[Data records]

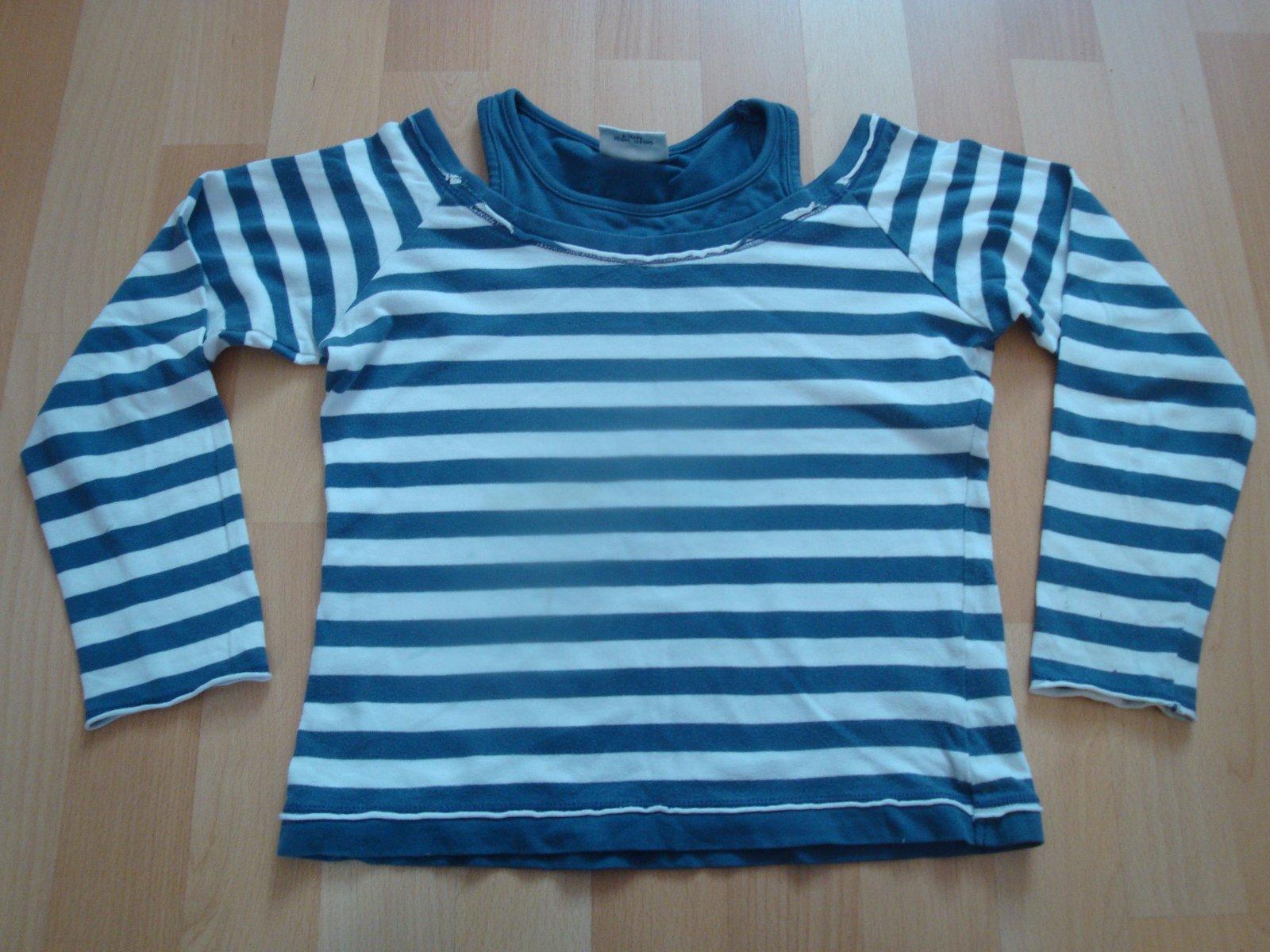 Nádherné námořnické tričko pro holčičky ve věku cca 5-7 let od zn. Next. Barva: tmavě modro-bílá. Triko má v sobě všité jakoby tílko, což vypadá velmi efektivně - průstřihy na ramínkách. Velmi dobrý stav. Výše poštovného činí 32,-Kč obyčejně nebo 49,-Kč doporučeně. Pro více informací mě prosím kontaktujte.
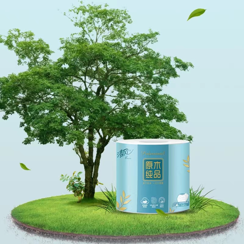 【RQ】清风卷纸原木纯品4层140克/卷*8*3卷筒卫生纸B208AQ
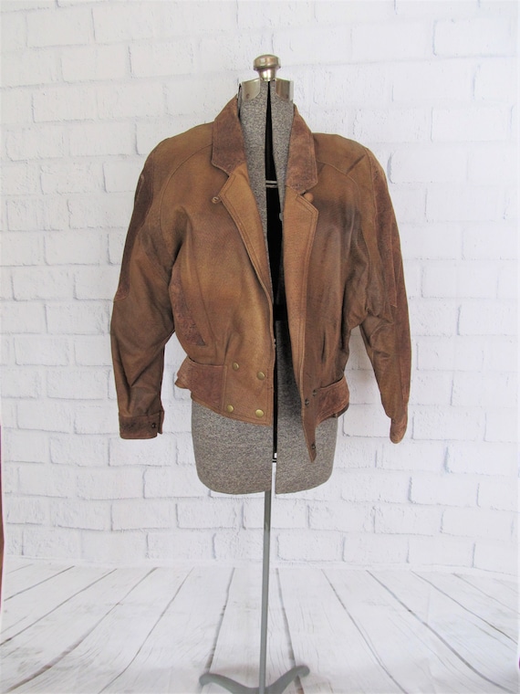 1980s Leather Bomber Jacket Oversized Large Shoulders Vintage Etsy
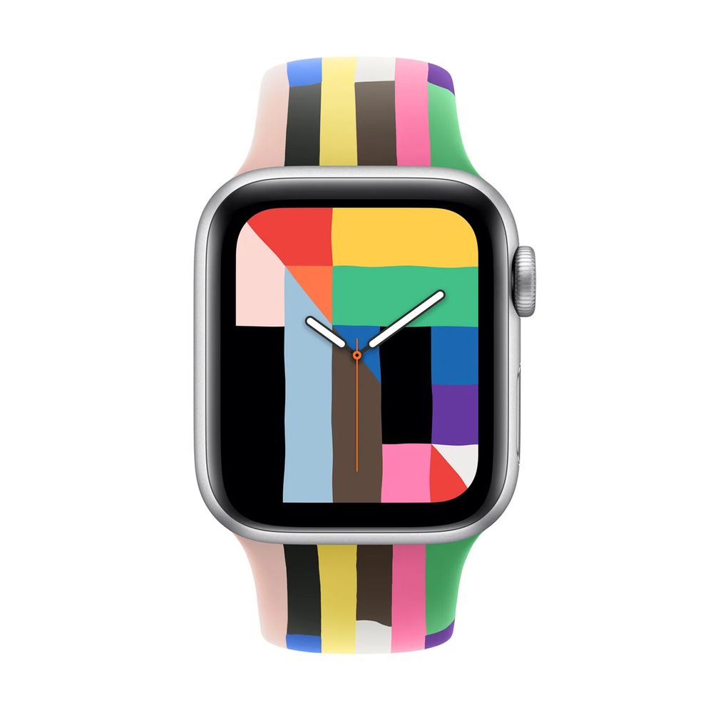 Το Pride Edition Sport Band διαθέτει ζωηρές ρίγες ουράνιου τόξου, που είναι εμπνευσμένος από την παλέτα χρωμάτων πολλών σημαιών του Pride. Κάθε λωρίδα είναι κατασκευασμένη από μεμονωμένες ρίγες υψηλής απόδοσης φθοροελαστομερούς, ενώ το καινοτόμο κούμπωμα τύπου pin-and-tuck φέρει χάραξη με λέιζερ.
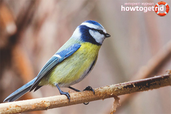Under the common blue tit is understood a tit, the plumage of which is pigmented with a yellow-blue tint. These individuals are especially common in African and Asian countries, and they also live in Europe. They choose exclusively deciduous or mixed forests for permanent residence, like birch trees and oaks.
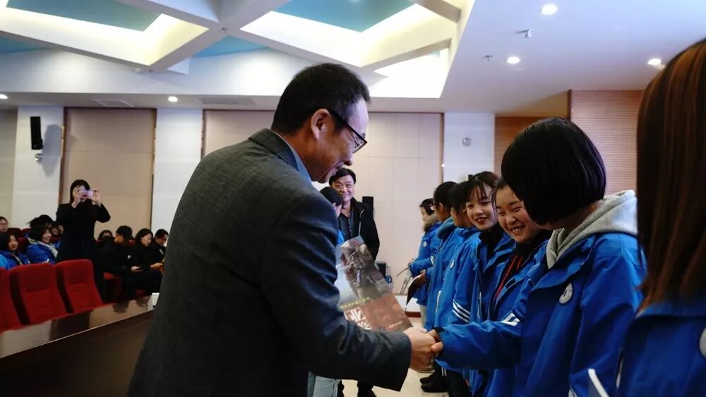 最后李书记和许理事长共同为学校职业素养示范教学点揭牌,许理事长和张副校长为学生代表赠送了《职业素养》指南。
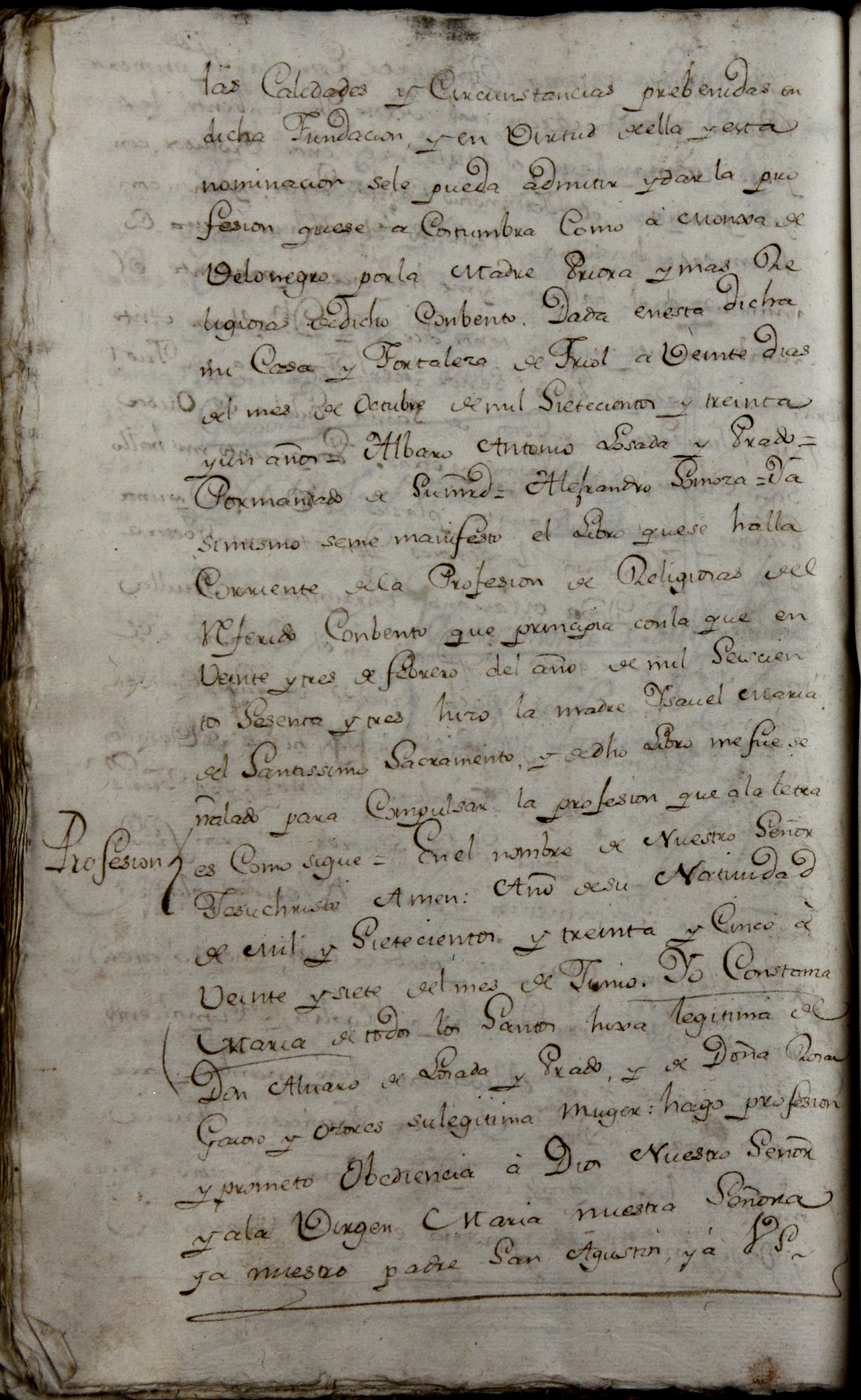 “En el nombre de Nuestro Señor Jesuchristo amén, año de su natividad de mil y sietecientos y treinta y cinco, a veinte y siete del mes de junio, yo, Constanza María de todos los Santos, hixa legítima de don Álvaro de Losada y Prado y de doña Rosa de Gaioso y Ozores, su legítima muger, hago profesión y prometo obediencia a Dios Nuestro Señor y a la Virgen María nuestra señora y a nuestro padre San Agustín y a vuestra señoría el señor don Ygnacio Saavedra en nombre de el señor Provisor de este obispado de esta ciudad, y a nuestra madre priora María Francisca de Jesús María y Joseph y a sus legítimos subcesores y prometo de vivir en perpetua pobreza y castidad hasta la muerte según la regla de nuestro glorioso padre San Agustín...”
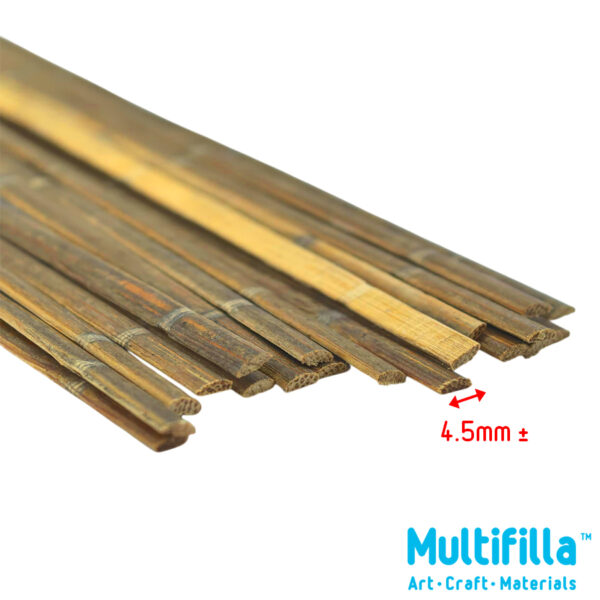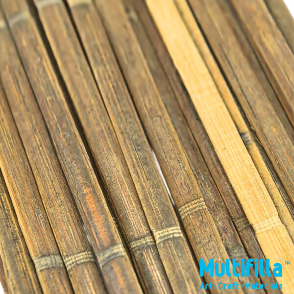 These mini half round organic bamboo peel with skin is an ideal material for scale models in creating rustic houses, bridges, fences and diorama projects. Glue well with modelling glue, hot melt, superglue as well with carpenter glue. Soaking in water and steaming will soften bamboo strips to form shapes such as miniature bamboo steamers, bowls and platters. Crafting fan with bamboo ribs and silk or tissue paper. Varnish with H20 covercoat varnish or shellac. Use Tung oil to waterproof that enhances its natural beauty. Bamboo in oil finish and by nature will withstand water and moisture. Makes ideal miniature decorative items like bridges, benches, railings in terranium glass houses and even underwater aquarium or water world dioramas. Easy to cut with craft knife, shear and plane with mini planner.

What you have to do: Transcribe every record above in full. Pictures stay out of the copy.

Exercise answer:
 Nádherné námořnické tričko pro holčičky ve věku cca 5-7 let od zn. Next. Barva: tmavě modro-bílá. Triko má v sobě všité jakoby tílko, což vypadá velmi efektivně - průstřihy na ramínkách. Velmi dobrý stav. Výše poštovného činí 32,-Kč obyčejně nebo 49,-Kč doporučeně. Pro více informací mě prosím kontaktujte.
 【RQ】清风卷纸原木纯品4层140克/卷*8*3卷筒卫生纸B208AQ
 1980s Leather Bomber Jacket Oversized Large Shoulders Vintage Etsy
 Το Pride Edition Sport Band διαθέτει ζωηρές ρίγες ουράνιου τόξου, που είναι εμπνευσμένος από την παλέτα χρωμάτων πολλών σημαιών του Pride. Κάθε λωρίδα είναι κατασκευασμένη από μεμονωμένες ρίγες υψηλής απόδοσης φθοροελαστομερούς, ενώ το καινοτόμο κούμπωμα τύπου pin-and-tuck φέρει χάραξη με λέιζερ.
Under the common blue tit is understood a tit, the plumage of which is pigmented with a yellow-blue tint. These individuals are especially common in African and Asian countries, and they also live in Europe. They choose exclusively deciduous or mixed forests for permanent residence, like birch trees and oaks.
 最后李书记和许理事长共同为学校职业素养示范教学点揭牌,许理事长和张副校长为学生代表赠送了《职业素养》指南。
 “En el nombre de Nuestro Señor Jesuchristo amén, año de su natividad de mil y sietecientos y treinta y cinco, a veinte y siete del mes de junio, yo, Constanza María de todos los Santos, hixa legítima de don Álvaro de Losada y Prado y de doña Rosa de Gaioso y Ozores, su legítima muger, hago profesión y prometo obediencia a Dios Nuestro Señor y a la Virgen María nuestra señora y a nuestro padre San Agustín y a vuestra señoría el señor don Ygnacio Saavedra en nombre de el señor Provisor de este obispado de esta ciudad, y a nuestra madre priora María Francisca de Jesús María y Joseph y a sus legítimos subcesores y prometo de vivir en perpetua pobreza y castidad hasta la muerte según la regla de nuestro glorioso padre San Agustín...”
 These mini half round organic bamboo peel with skin is an ideal material for scale models in creating rustic houses, bridges, fences and diorama projects. Glue well with modelling glue, hot melt, superglue as well with carpenter glue. Soaking in water and steaming will soften bamboo strips to form shapes such as miniature bamboo steamers, bowls and platters. Crafting fan with bamboo ribs and silk or tissue paper. Varnish with H20 covercoat varnish or shellac. Use Tung oil to waterproof that enhances its natural beauty. Bamboo in oil finish and by nature will withstand water and moisture. Makes ideal miniature decorative items like bridges, benches, railings in terranium glass houses and even underwater aquarium or water world dioramas. Easy to cut with craft knife, shear and plane with mini planner.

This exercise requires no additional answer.